Entries supplied>
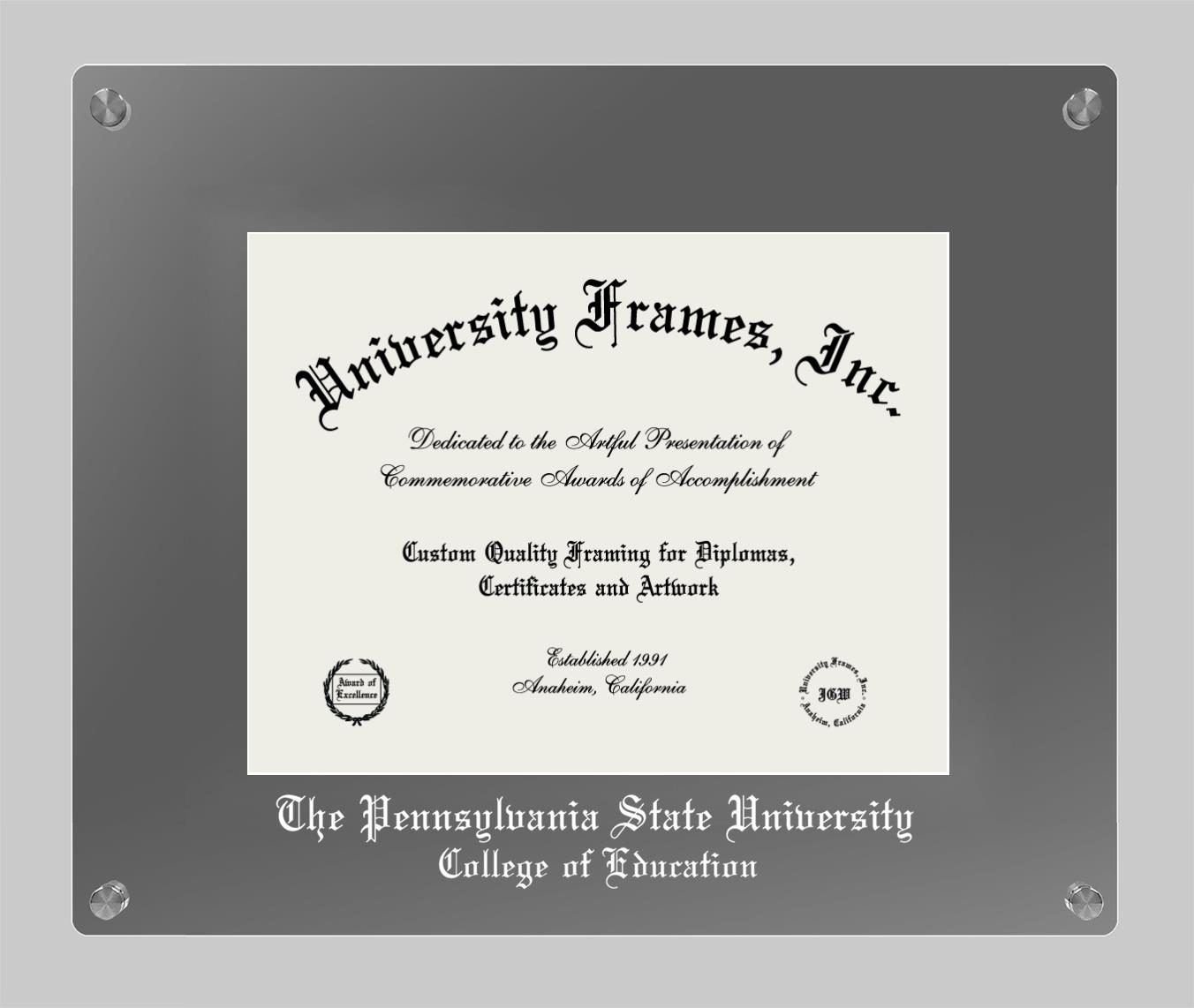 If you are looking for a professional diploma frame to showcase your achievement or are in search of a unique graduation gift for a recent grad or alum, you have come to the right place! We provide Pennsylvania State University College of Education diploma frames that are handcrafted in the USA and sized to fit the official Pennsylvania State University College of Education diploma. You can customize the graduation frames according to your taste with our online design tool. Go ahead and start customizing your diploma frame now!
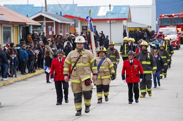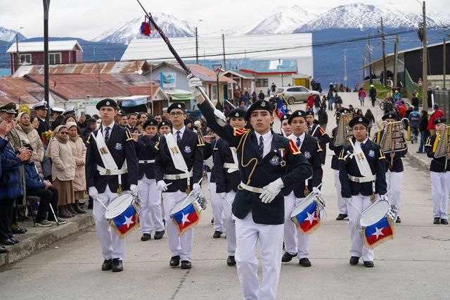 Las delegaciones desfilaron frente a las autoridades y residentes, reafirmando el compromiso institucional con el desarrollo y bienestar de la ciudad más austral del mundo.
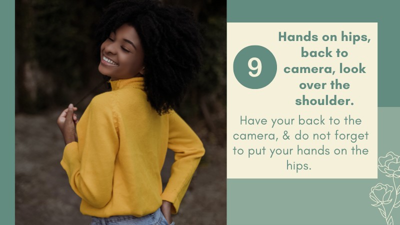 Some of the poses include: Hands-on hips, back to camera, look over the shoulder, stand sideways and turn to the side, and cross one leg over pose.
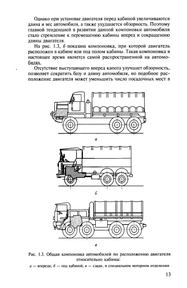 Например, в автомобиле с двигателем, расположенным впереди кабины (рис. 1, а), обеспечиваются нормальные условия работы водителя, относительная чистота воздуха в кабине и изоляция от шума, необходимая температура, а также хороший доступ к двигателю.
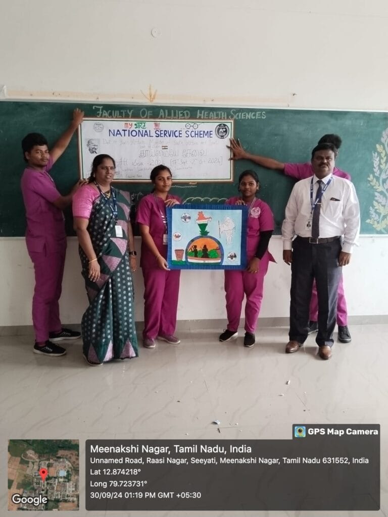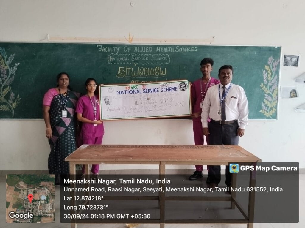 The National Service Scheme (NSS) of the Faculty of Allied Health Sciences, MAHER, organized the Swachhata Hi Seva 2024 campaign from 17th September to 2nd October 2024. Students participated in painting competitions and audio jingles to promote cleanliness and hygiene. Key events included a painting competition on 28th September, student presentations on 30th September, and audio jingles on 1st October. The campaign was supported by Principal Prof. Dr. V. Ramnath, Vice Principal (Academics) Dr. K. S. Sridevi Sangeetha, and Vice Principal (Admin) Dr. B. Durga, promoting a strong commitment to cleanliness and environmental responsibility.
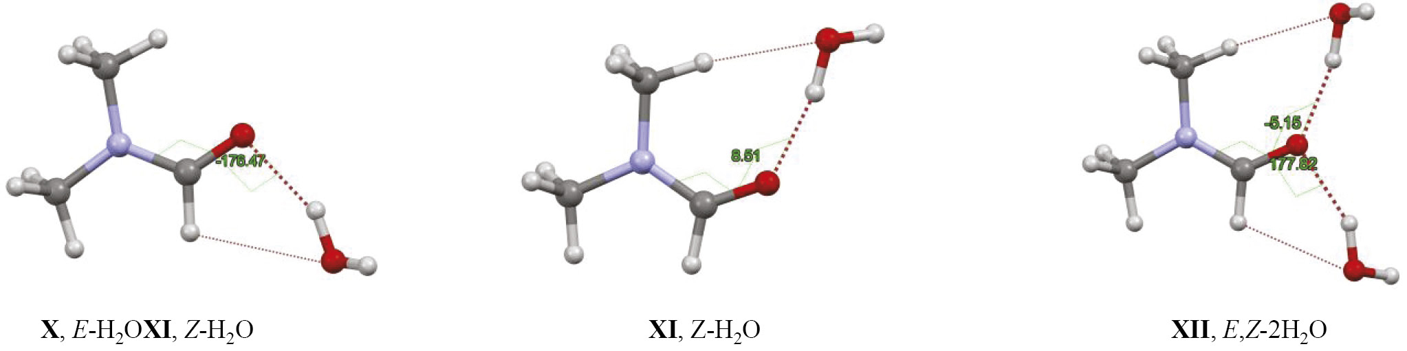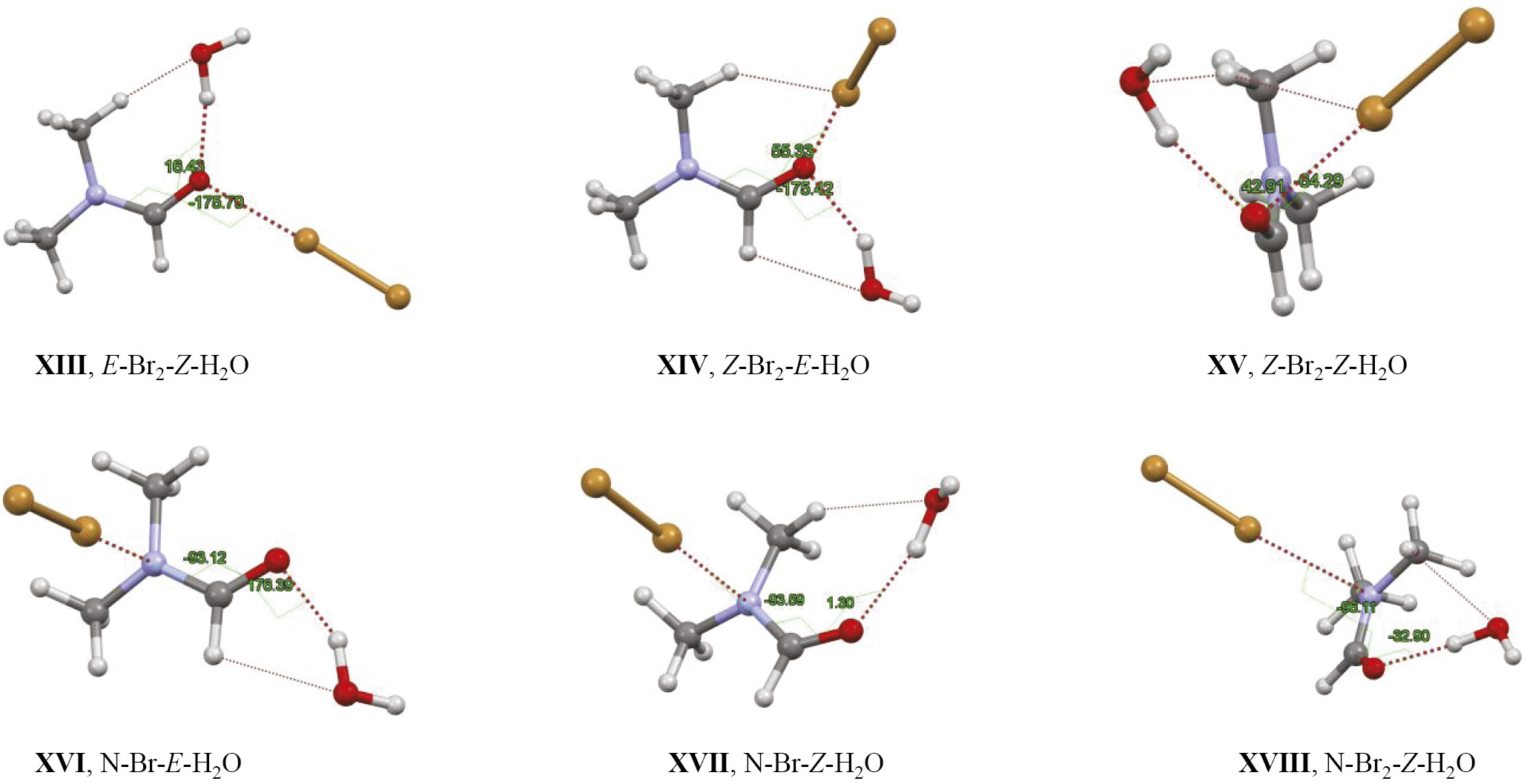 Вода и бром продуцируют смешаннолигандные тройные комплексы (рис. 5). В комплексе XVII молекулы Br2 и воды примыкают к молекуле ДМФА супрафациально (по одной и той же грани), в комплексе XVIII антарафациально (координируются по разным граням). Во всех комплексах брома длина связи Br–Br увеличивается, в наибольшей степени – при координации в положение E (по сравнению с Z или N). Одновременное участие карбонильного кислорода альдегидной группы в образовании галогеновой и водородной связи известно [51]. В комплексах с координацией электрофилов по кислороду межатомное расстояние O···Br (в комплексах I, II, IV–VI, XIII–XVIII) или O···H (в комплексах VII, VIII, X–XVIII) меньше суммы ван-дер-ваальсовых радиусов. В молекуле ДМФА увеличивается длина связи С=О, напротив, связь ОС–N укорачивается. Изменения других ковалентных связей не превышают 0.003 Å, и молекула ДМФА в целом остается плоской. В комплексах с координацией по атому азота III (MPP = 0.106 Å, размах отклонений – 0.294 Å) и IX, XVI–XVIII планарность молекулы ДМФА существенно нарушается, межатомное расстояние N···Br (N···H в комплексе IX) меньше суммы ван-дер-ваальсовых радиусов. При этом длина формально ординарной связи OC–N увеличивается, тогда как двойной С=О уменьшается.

Task description> Starting at the line that contains "Например, в автомобиле", transcribe each line through the last one of the entries above, exactly and without pictures.

Reply to the task>
 Например, в автомобиле с двигателем, расположенным впереди кабины (рис. 1, а), обеспечиваются нормальные условия работы водителя, относительная чистота воздуха в кабине и изоляция от шума, необходимая температура, а также хороший доступ к двигателю.
 The National Service Scheme (NSS) of the Faculty of Allied Health Sciences, MAHER, organized the Swachhata Hi Seva 2024 campaign from 17th September to 2nd October 2024. Students participated in painting competitions and audio jingles to promote cleanliness and hygiene. Key events included a painting competition on 28th September, student presentations on 30th September, and audio jingles on 1st October. The campaign was supported by Principal Prof. Dr. V. Ramnath, Vice Principal (Academics) Dr. K. S. Sridevi Sangeetha, and Vice Principal (Admin) Dr. B. Durga, promoting a strong commitment to cleanliness and environmental responsibility.
 Вода и бром продуцируют смешаннолигандные тройные комплексы (рис. 5). В комплексе XVII молекулы Br2 и воды примыкают к молекуле ДМФА супрафациально (по одной и той же грани), в комплексе XVIII антарафациально (координируются по разным граням). Во всех комплексах брома длина связи Br–Br увеличивается, в наибольшей степени – при координации в положение E (по сравнению с Z или N). Одновременное участие карбонильного кислорода альдегидной группы в образовании галогеновой и водородной связи известно [51]. В комплексах с координацией электрофилов по кислороду межатомное расстояние O···Br (в комплексах I, II, IV–VI, XIII–XVIII) или O···H (в комплексах VII, VIII, X–XVIII) меньше суммы ван-дер-ваальсовых радиусов. В молекуле ДМФА увеличивается длина связи С=О, напротив, связь ОС–N укорачивается. Изменения других ковалентных связей не превышают 0.003 Å, и молекула ДМФА в целом остается плоской. В комплексах с координацией по атому азота III (MPP = 0.106 Å, размах отклонений – 0.294 Å) и IX, XVI–XVIII планарность молекулы ДМФА существенно нарушается, межатомное расстояние N···Br (N···H в комплексе IX) меньше суммы ван-дер-ваальсовых радиусов. При этом длина формально ординарной связи OC–N увеличивается, тогда как двойной С=О уменьшается.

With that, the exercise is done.